IMO toys vs books, toys are different--we have too many Playmobile pieces and the boys play w/ them daily, independently, and in different ways each time. _Green Eggs and Ham_ is pretty much going to be the same no matter how many times I read it to them, unless the toddler gets to it and rips out some pages.


----------



## Juvysen (Apr 25, 2007)

I have too many books! They're sitting on the floor, after having filled all our bookshelves.







I'm trying to weed out ones I don't want to keep, but I have a thing for reference books... so it's hard for me to ditch ones that I actually use, you know?

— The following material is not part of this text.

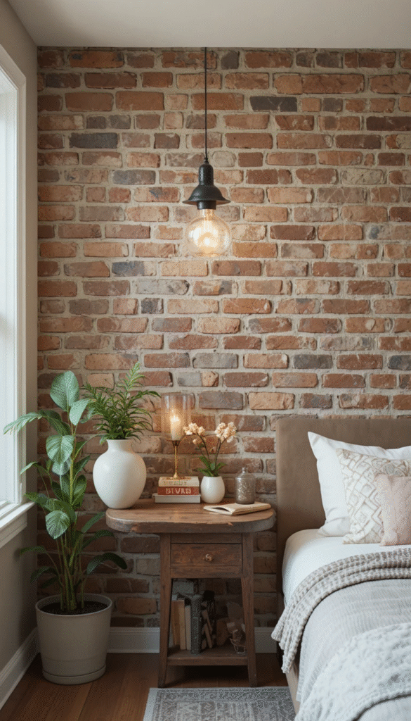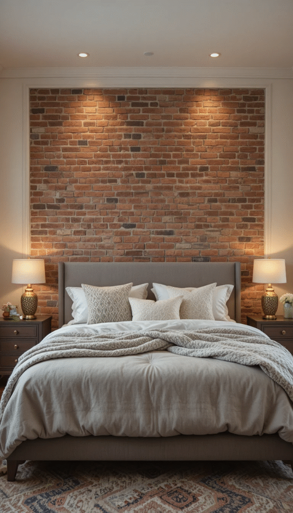 Brick walls in bedrooms are designed to feel cozy rather than industrial in 2026. Soft lighting, neutral bedding, and painted or whitewashed bricks help create a relaxing atmosphere.

As for kids books... I need to weed out the ones we don't use so much, and I'd prefer to get decent literature (instead of junky kids books) but we don't say no to books here.


----------



## Dingletwitz (Nov 4, 2009)

perhaps she was hinting that a bookshelf is a nice gift idea???


----------



## ollyoxenfree (Jun 11, 2009)

Quote:


Originally Posted by *Dingletwitz* 
perhaps she was hinting that a bookshelf is a nice gift idea???



















If someone gave us bookshelves as a family gift I would be very happy!


----------



## Drummer's Wife (Jun 5, 2005)

Sometimes I do think we have too many books (and I'm sure there are people who have more than us who don't think it's too many) but I don't like dusting them, or picking them up if they aren't put back on the bookshelf (ahem, 2-year-old)

While my kids like re-reading their books, I don't - so I would rather borrow books or download them from Kindle (says the lady who just ordered two brand new print copies, b/c the price was low.) I do think, eventually when the price comes down a bit, we will get our oldest an e-reader b/c she has asked for one and likes to read several books at once and her bookshelves in her room are full.

That all said, I have already bought (and am buying several more) books as christmas gifts for my kids. I think what I need to do is go thru all the books and donate what won't be re-read... then I won't have an issue with them cluttering up the rooms (or boxes in the garage.)


----------



## noobmom (Jan 19, 2008)

OP back here. I *do* agree it's possible to have too many books. I know a lot of adults, particularly, who have a backlog of books they buy and never get around to reading. And it does get to be a storage problem. I am a heavy library user and generally I don't buy books unless it's something I'll read or use over and over again, like a cookbook or a favorite books of DS. Or if I just can't get the book at the library, which is rare since I have 3 libraries at my disposable, including a university one. Even so, I weed out my personal collection every few years or so.

I was more lamenting the fact that my sister choose the books to pick on.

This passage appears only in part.